Peebles
- Full name: Peebles Rugby Football Club
- Founded: 1923
- Ground: The Gytes
- President: Mark Clancy
- League: Scottish National League Division Two
- 2025–26: Scottish National League Division One, 9th of 10
| Team kit | 2nd kit |

Official website
- www.peeblesrfc.org

= Peebles RFC =

Scottish rugby union club, based in Peebles

Peebles Rugby Football Club is a rugby union club based in Peebles in the Scottish Borders. The team currently competes in Scottish National League Division Two, the third tier of Scottish club rugby.

The earliest record available of rugby being played in Peebles was of a game in 1877 in Kingsmeadows Park and Peebles Rugby Football Club was formed in 1879. The club ceased to exist about 1900 but was re-constituted in 1923 and now play their home games at the Gytes.

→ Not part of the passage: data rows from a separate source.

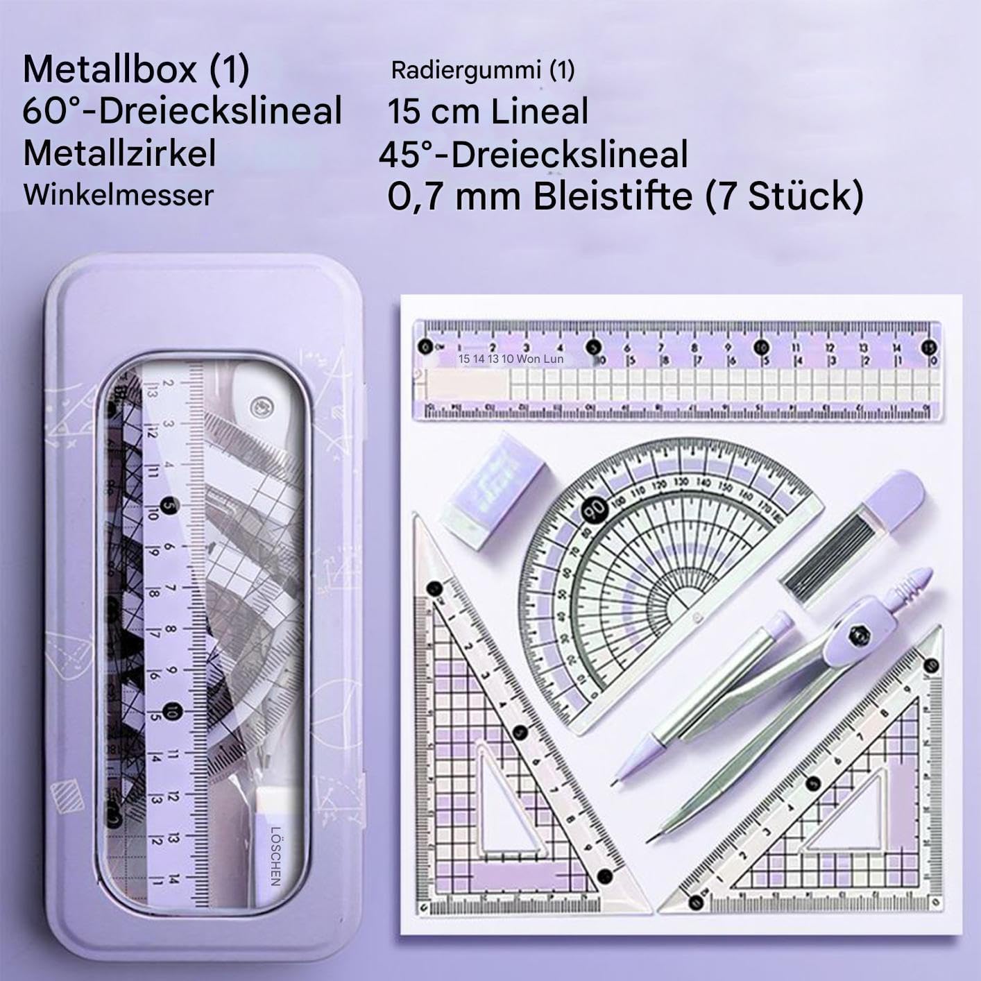 Design creativo per i giovani: il set di geometria presenta simpatici motivi geometrici insieme a un tema trasparente bicolore e crea un effetto di colore alla moda che risveglia l'interesse degli adolescenti e si adatta alle loro preferenze Design adatto agli occhi: questo set di geometria riduce efficacemente l'affaticamento degli occhi grazie a una superficie antiriflesso e una struttura ben studiata, consentendo di lavorare concentrandosi su compiti scolastici o progetti creativi senza fastidiosi riflessi di luce Compagno di matematica affidabile: gli strumenti con marcature precise soddisfano tutti i requisiti di base della geometria e aiutano gli studenti a svolgere esercizi di disegno durante le lezioni di matematica o l'apprendimento indipendente. Comodo stoccaggio: questo set di utensili per geometria offre una soluzione di archiviazione ben studiata con scomparti chiaramente suddivisi che trattiene saldamente un set di attrezzi da 8 pezzi e previene la perdita di utensili. Tutti gli utensili rimangono organizzati e a portata di mano, sia in tasca che nel cassetto. Ideale per studenti e hobbisti che hanno sempre bisogno dei loro strumenti di disegno ordinati e rapidamente accessibili, perfetti per progetti o insegnamenti. Regalo ideale per studenti: questo set di disegni geometrici offre una soluzione di cancelleria completa che supporta gli studenti delle classi 7-12 con strumenti precisi per il lavoro di geometria. Il design accattivante lo rende sia uno strumento funzionale che un accessorio elegante, ideale come regalo per l'inizio della scuola.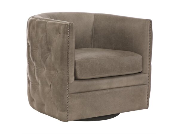 A modern interpretation of the classic barrel chair, this tufted leather swivel chair offers an abundance of comfort and style.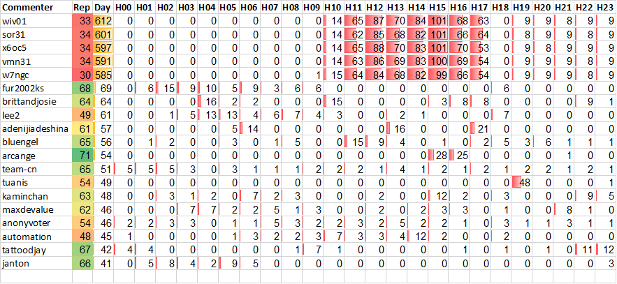 📊 Top Level 1 commenters for 20190418, active hours and how their comments looks like (by @ace108)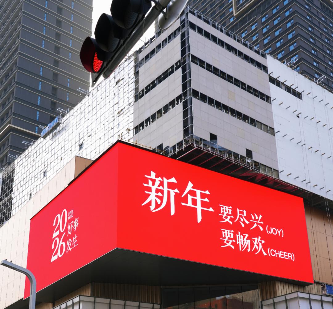 借助二七广场的区位优势,项目享有地铁1/3号线直达的便利。项目从品牌、活动和空间三个维度深化“潮趣生活引力场”的定位,成为城市商业新地标。根据市场观察,二期项目预计在今年下半年开业。从一期连廊的“2026好事发生”预告,到提前点亮二期外立面部分LED大屏画面,流动的“新春祝福”与“好事发生”字样相互映衬,既传递了对即将到来的农历新年的美好祝愿,也巧妙呼应了项目2026年的发展愿景,期待二七万象城重新塑造商业新地标。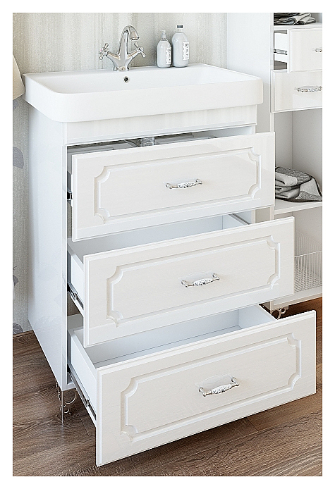 Тумба Sanflor Ксения выполнена в классическом стиле. Благодаря изысканному стилю мебель станет украшением любой ванной комнаты. Тумба оснащена 4 ящиками с механизмом плавного закрытия. Раковина имеет слив-перелив и одно отверстие для смесителя, расположенное по центру. Каркас выполнен из влагостойкой ЛДСП с эмалевым покрытием. В комплект входит раковина Santek Тигода 80. Тумба является частью гарнитура для ванной комнаты Ксения. Особенности: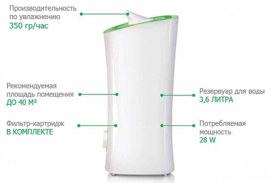 Прилад забезпечує інтенсивне зволоження до 350 мл/год, швидко досягаючи бажаного рівня вологості. Розпилювач з обертанням на 360° дозволяє рівномірно розподіляти вологу по всьому об'єму кімнати. Завдяки ємності резервуара для води 3.6 літра, зволожувач може працювати тривалий час без необхідності частого доливання.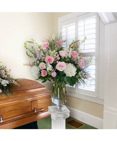 For a life well-lived, let our Grand Expression vase arrangement honor the impact they left on our hearts. Soft pink roses and creamy white hydrangea are complimented with snapdragons, fragrant stock, campanula, and textural greens.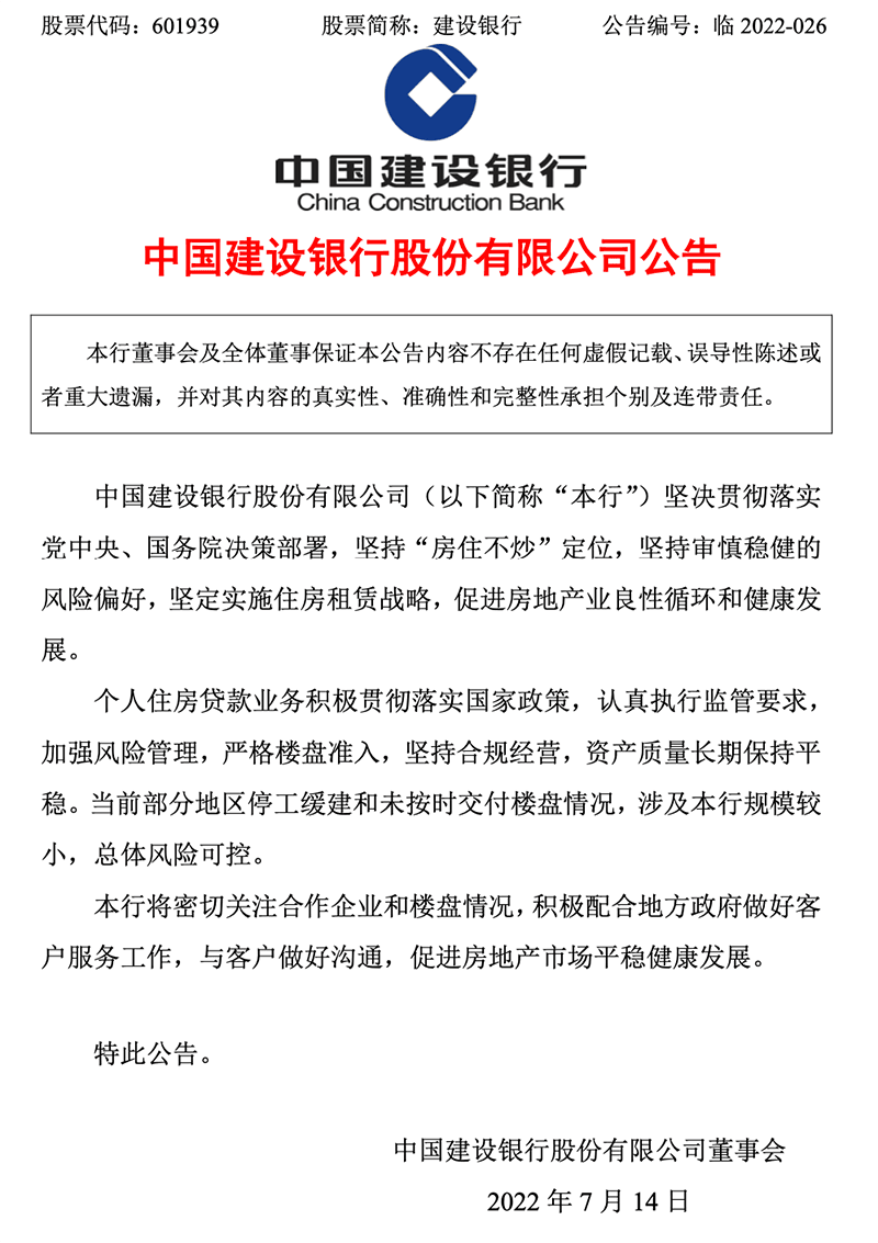 建設(shè)銀行稱,將密切關(guān)注合作企業(yè)和樓盤(pán)情況,積極配合地方政府做好客戶服務(wù)工作,與客戶做好溝通,促進(jìn)房地產(chǎn)市場(chǎng)平穩(wěn)健康發(fā)展。

Peebles is outwith the central Borders and was outside the main rugby playing towns of Galashiels, Melrose, Selkirk and Hawick. They often lacked players, with a stronger football presence to the north, due to the links to Midlothian and Edinburgh. With the growth of neighbouring Innerleithen, improving links and players from local schools, PRFC gradually climbed the ranks.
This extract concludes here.